TASK BRIEF = Beginning with the line that has "セラミックヒーター 小型 ファンヒーター" and ending with the line that has "- From settings, you", retype the entries below exactly, except for the pictures.
RECORDS: Begin
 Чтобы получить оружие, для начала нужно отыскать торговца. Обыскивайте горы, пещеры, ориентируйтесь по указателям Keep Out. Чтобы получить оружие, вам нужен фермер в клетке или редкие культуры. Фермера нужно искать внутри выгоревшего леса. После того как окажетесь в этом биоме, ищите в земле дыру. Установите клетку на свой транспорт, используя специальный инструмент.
RECORDS: End
RECORDS: Begin
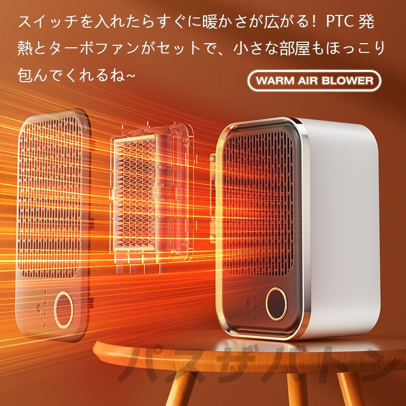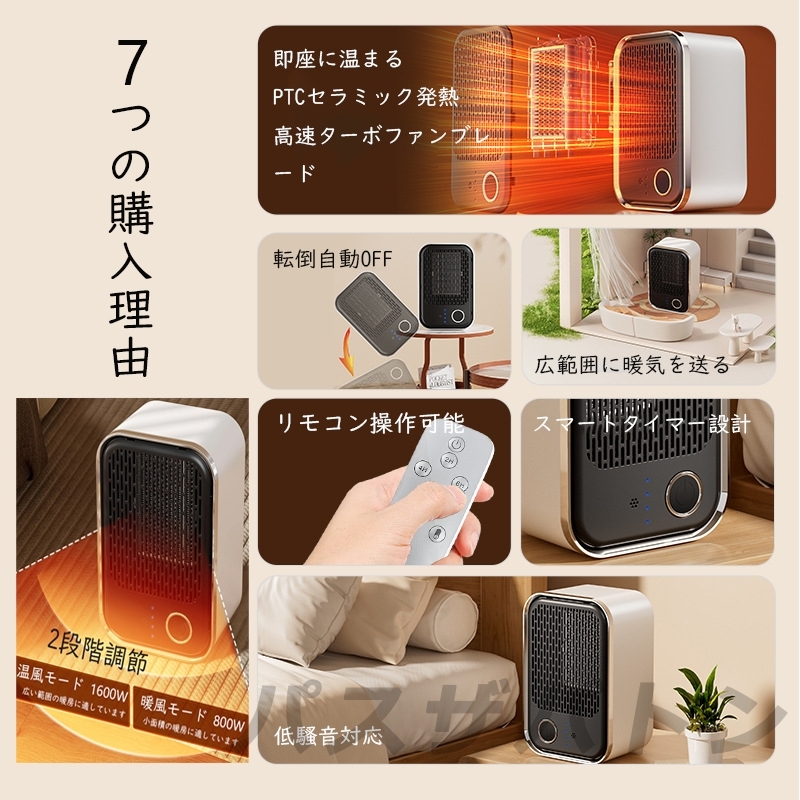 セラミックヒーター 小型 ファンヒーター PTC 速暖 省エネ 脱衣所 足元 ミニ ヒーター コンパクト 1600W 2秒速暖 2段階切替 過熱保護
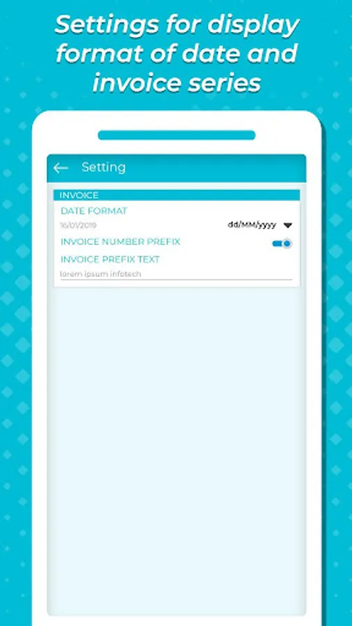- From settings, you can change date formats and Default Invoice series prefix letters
RECORDS: End
RECORDS: Begin
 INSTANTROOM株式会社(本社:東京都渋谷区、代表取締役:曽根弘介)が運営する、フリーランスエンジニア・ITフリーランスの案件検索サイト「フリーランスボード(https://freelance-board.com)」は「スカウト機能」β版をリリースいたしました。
RECORDS: End
RESPONSE TO THIS EXERCISE =
 セラミックヒーター 小型 ファンヒーター PTC 速暖 省エネ 脱衣所 足元 ミニ ヒーター コンパクト 1600W 2秒速暖 2段階切替 過熱保護
- From settings, you can change date formats and Default Invoice series prefix letters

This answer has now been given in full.